- **Exercise aim**
The line containing "Παντελόνι μαρίν μονόχρωμο", and every line after it to the end of the listing, should be repeated exactly; the pictures should not.

- **Information supplied**
┏━━

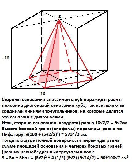(80 баллов)Дан куб ребро которого равно 10 см. Центр верхнего основания куба и середины сторон его нижнего основания служат вершинами вписанной в этот куб пирамиды. Найти площадь полной поверхности вписанной пирамиды. (можно подробное решение, пожалуйста)
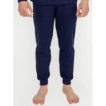 Παντελόνι μαρίν μονόχρωμο με μαλακό λάστιχο στη μέση και μπάσκα στο κάτω μέρος.
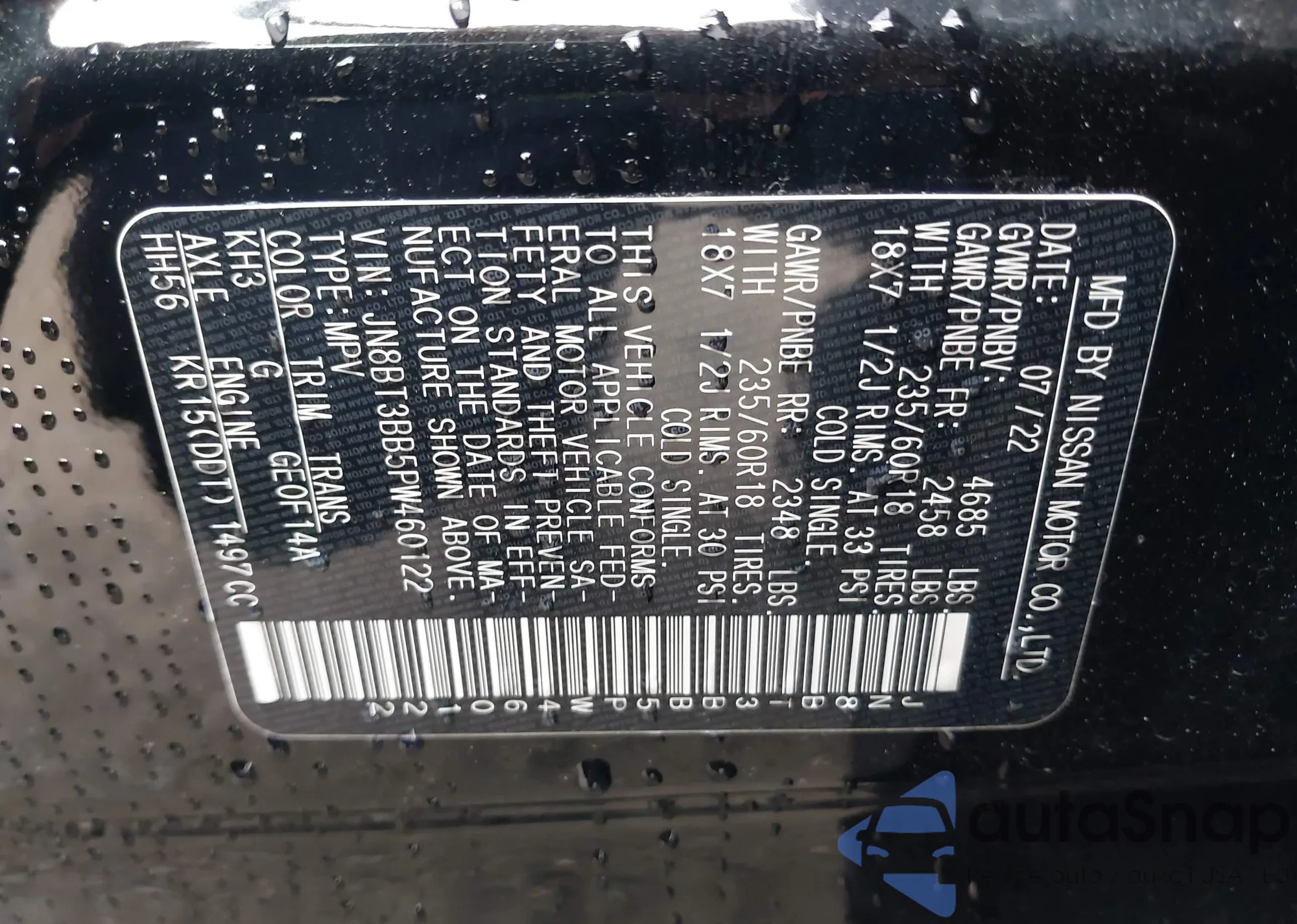 • VIN JN8BT3BB5PW460122

┗━━

- **Expected answer**
 Παντελόνι μαρίν μονόχρωμο με μαλακό λάστιχο στη μέση και μπάσκα στο κάτω μέρος.
 • VIN JN8BT3BB5PW460122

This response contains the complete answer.